Content starts

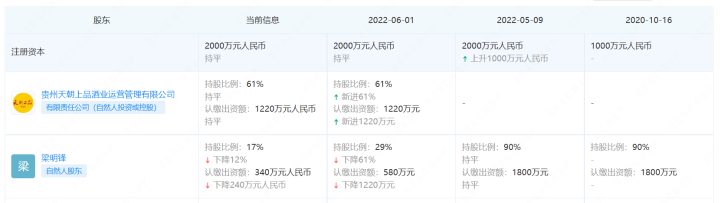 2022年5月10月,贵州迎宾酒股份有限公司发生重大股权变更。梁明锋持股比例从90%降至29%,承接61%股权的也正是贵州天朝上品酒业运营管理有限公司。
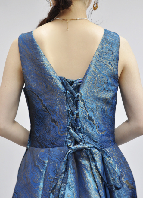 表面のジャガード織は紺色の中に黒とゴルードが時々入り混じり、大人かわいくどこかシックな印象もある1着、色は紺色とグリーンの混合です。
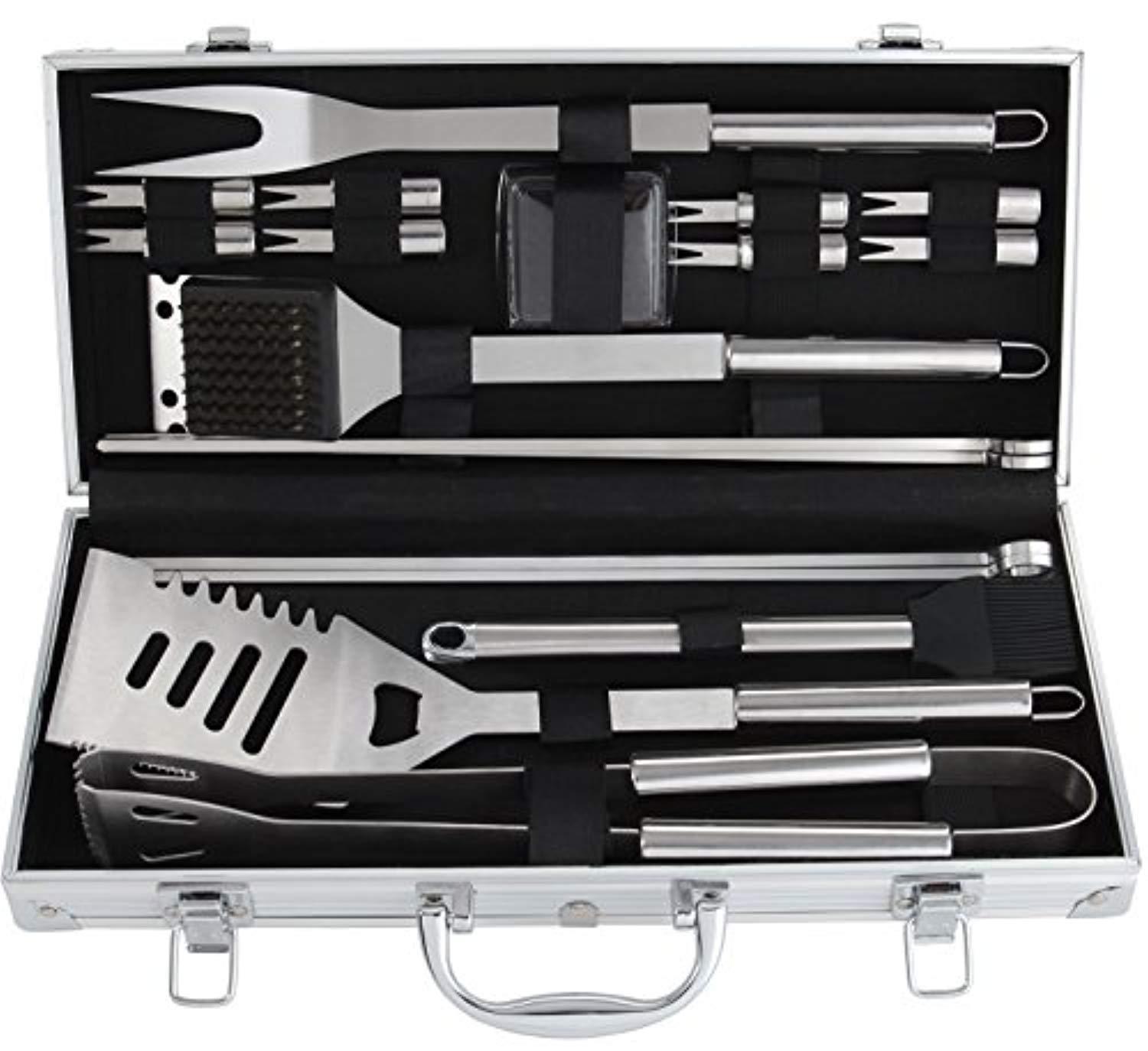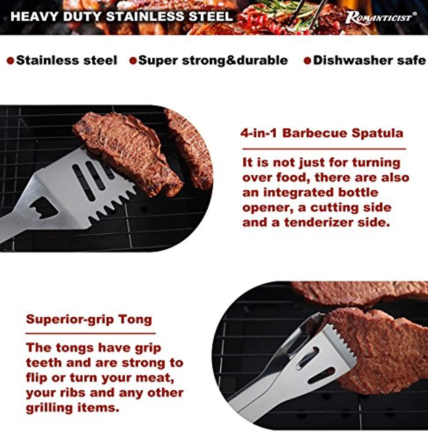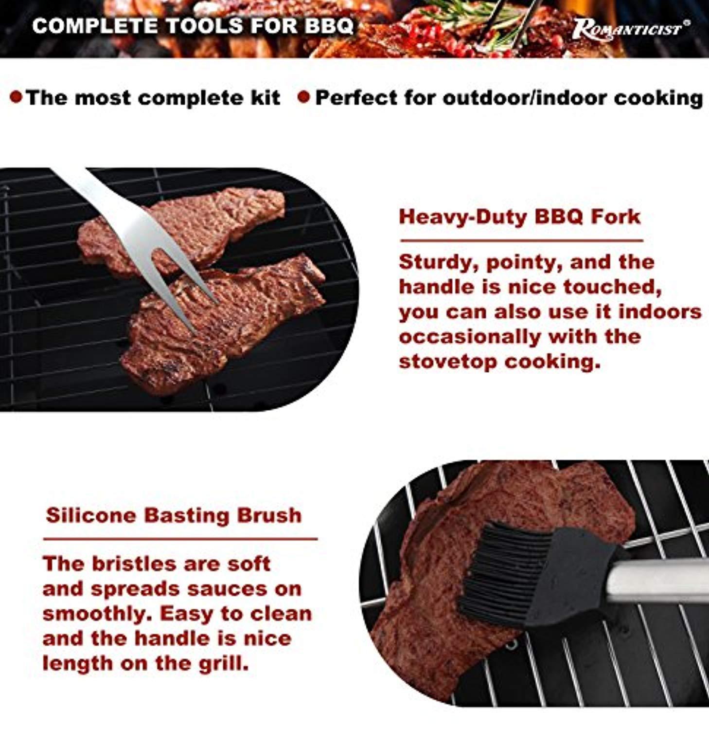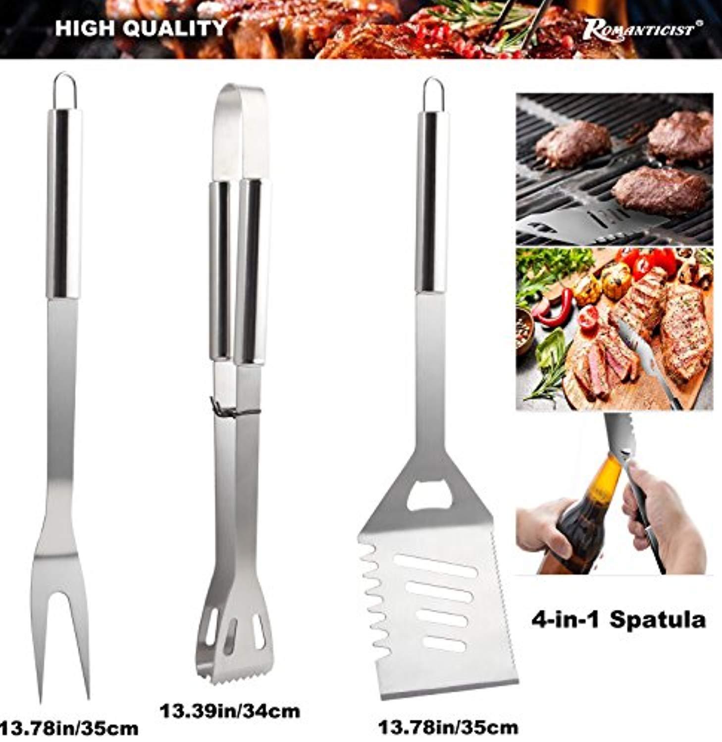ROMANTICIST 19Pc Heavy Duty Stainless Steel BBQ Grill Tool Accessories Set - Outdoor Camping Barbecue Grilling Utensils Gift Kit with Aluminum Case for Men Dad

Content ends
Content starts

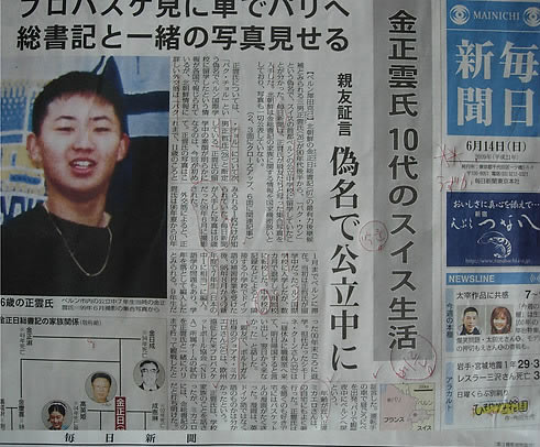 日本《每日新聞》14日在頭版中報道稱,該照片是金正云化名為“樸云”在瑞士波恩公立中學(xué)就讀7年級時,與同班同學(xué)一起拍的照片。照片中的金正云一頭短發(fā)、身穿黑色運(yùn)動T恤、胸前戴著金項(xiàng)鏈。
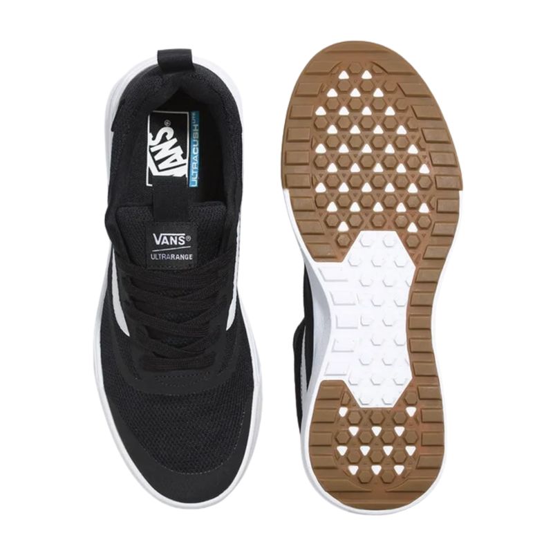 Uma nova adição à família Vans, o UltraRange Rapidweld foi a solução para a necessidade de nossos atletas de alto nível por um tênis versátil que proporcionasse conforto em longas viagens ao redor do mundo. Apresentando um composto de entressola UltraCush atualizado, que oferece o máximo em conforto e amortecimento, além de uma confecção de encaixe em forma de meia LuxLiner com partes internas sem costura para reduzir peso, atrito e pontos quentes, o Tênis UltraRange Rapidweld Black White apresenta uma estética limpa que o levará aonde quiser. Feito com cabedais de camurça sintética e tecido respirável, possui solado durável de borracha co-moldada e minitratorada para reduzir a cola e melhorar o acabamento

Content ends

**Work to complete**
Work from the entries above. Set down exactly and only the lines from the line with "2022年5月10月,贵州迎" to the line with "ROMANTICIST 19Pc Heavy", both included, and leave the pictures out.

**The answer**
 2022年5月10月,贵州迎宾酒股份有限公司发生重大股权变更。梁明锋持股比例从90%降至29%,承接61%股权的也正是贵州天朝上品酒业运营管理有限公司。
 表面のジャガード織は紺色の中に黒とゴルードが時々入り混じり、大人かわいくどこかシックな印象もある1着、色は紺色とグリーンの混合です。
ROMANTICIST 19Pc Heavy Duty Stainless Steel BBQ Grill Tool Accessories Set - Outdoor Camping Barbecue Grilling Utensils Gift Kit with Aluminum Case for Men Dad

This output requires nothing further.